All these messages are deleted shortly after being written, but the world talks and Barry’s faction is deeply affected by it. Parminder has a nervous breakdown during one of the Council’s meeting – that she learns to regret as she is suspended from her work and loses her place in the Council.
Very quickly, the cards begin to fall and pretty much everyone gets it. Karma hits them all with a vengeance as the truth begins to come out everywhere.
As J.K. said, this book raises one important question: “what do we do about Krystal?”
Krystal falls into a spiral of depression after Barry’s death, losing pretty much the only man that ever believed in her. She must take care of her drug addict mother and her little brother Robbie. She must do her best to keep her mother off drugs so that Bellchapel doesn’t kick her out of their rehabilitation program again, while going to school and taking care of Robbie. At the same time, she lives her teenage life – discovering her sexuality with Fats and hanging around with her friends.
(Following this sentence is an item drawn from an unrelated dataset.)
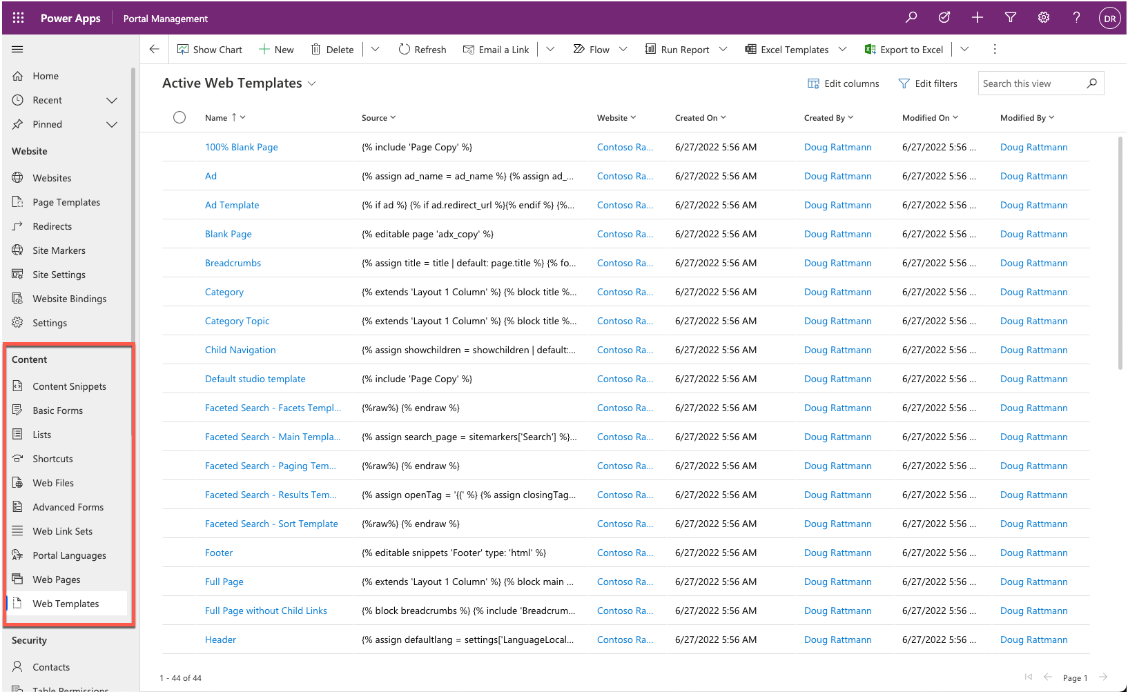 The Content section contains tables that define what and how static and dynamic information is displayed on a Power Pages website. While you can add some content by using Power Pages design studio, you can only add or modify certain aspects by updating the data directly with the Portal Management app.

She keeps away from heavy drugs, but she won’t say no to alcohol and cigars. She even smokes marijuana with Fats before “doing it”.
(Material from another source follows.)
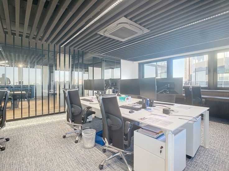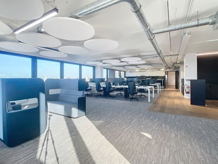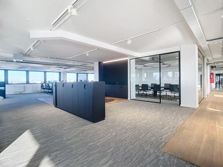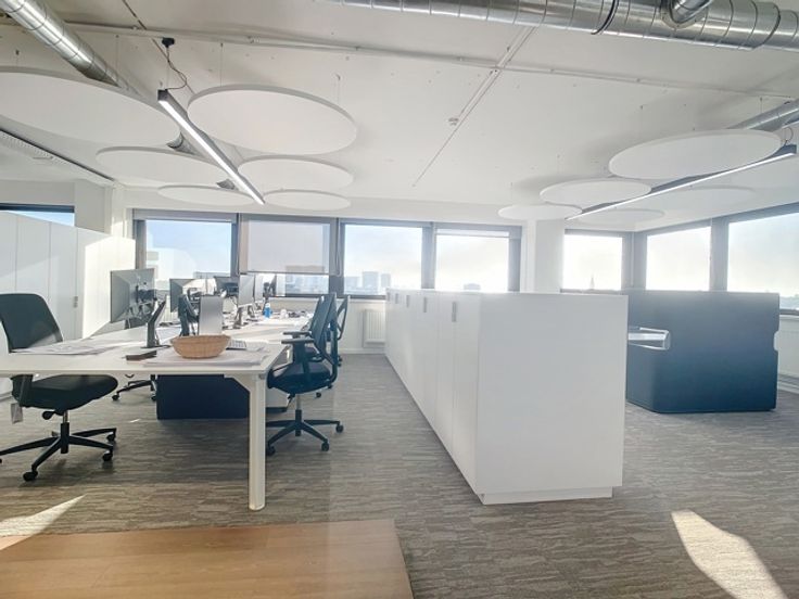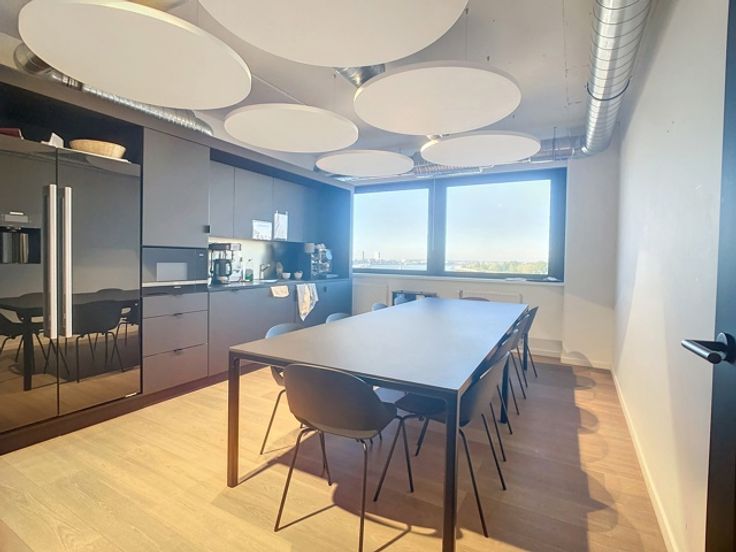 Op de negende verdieping van de Beacon bevindt zich deze prachtige kantoorruimte met een totale oppervlakte van 1.213m² met een adembenemend panoramisch zicht op het MAS en de Schelde. Het kantoor is luxueus afgewerkt d.m.v. hoogwaardige materialen. Doordat het gebouw op een hoek staat, genieten 3 gevels van royale raampartijen wat zorgt voor zeer veel lichtinval. De kantoorruimte zelf werd volledig gerenoveerd en geniet van open ruimtes, afgesloten kantoren, vergaderzalen en phone booths. Door het alarm- en badgesysteem en de permanente toezicht van de conciërge is ook de veiligheid hier gegarandeerd.

This book ends with a death, or rather two deaths that become a serious wake-up call for Pagford. Some women begin to regret their lack of care; Fats confesses to being the hacker, taking responsibility for all messages, even though he knows Andrew was the first to write; and two more places in the Council are about to be occupied quietly, without any more elections, by Mollison’s adversary Cubby Wall and Miles Mollison’s wife Samantha that discovered suddenly that she does care about Fields and Bellchapel and Pagford’s fate in general.
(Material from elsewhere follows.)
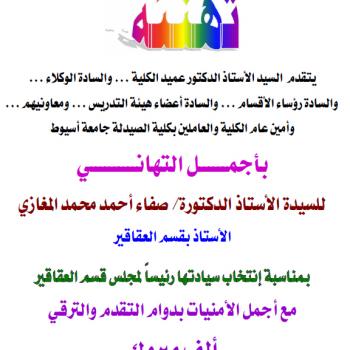 التهنئة للسيد الاستاذ الدكتور محمد عبد السميع عيد على توليه منصب…
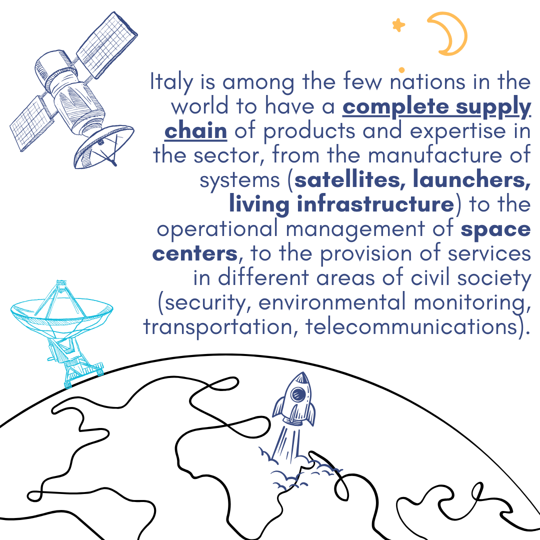 Italy is one of the few countries in the world offering a complete supply chain in space: from satellites and launchers to the management of space centres. Thanks to research, universities and industry, Italy leads innovation with advanced technologies at the service of all. A great national pride!

The last funeral is beautiful and heartbreaking; it has something in common with Barry’s funeral: Rihanna and Jay-Z’s hit “Umbrella”, the special song of Barry’s precious champion rowing team sounds loud in the church. I think the number of hits on youtube will increase once more fans finish the book!
I heard that BBC will make a series after this book. I hope they know what they’re doing and I hope it will happen! I will watch it!
So, for the second half of the book, as I couldn’t put it down, I recommend all of you to read it and do your best to not cringe at our characters’ language.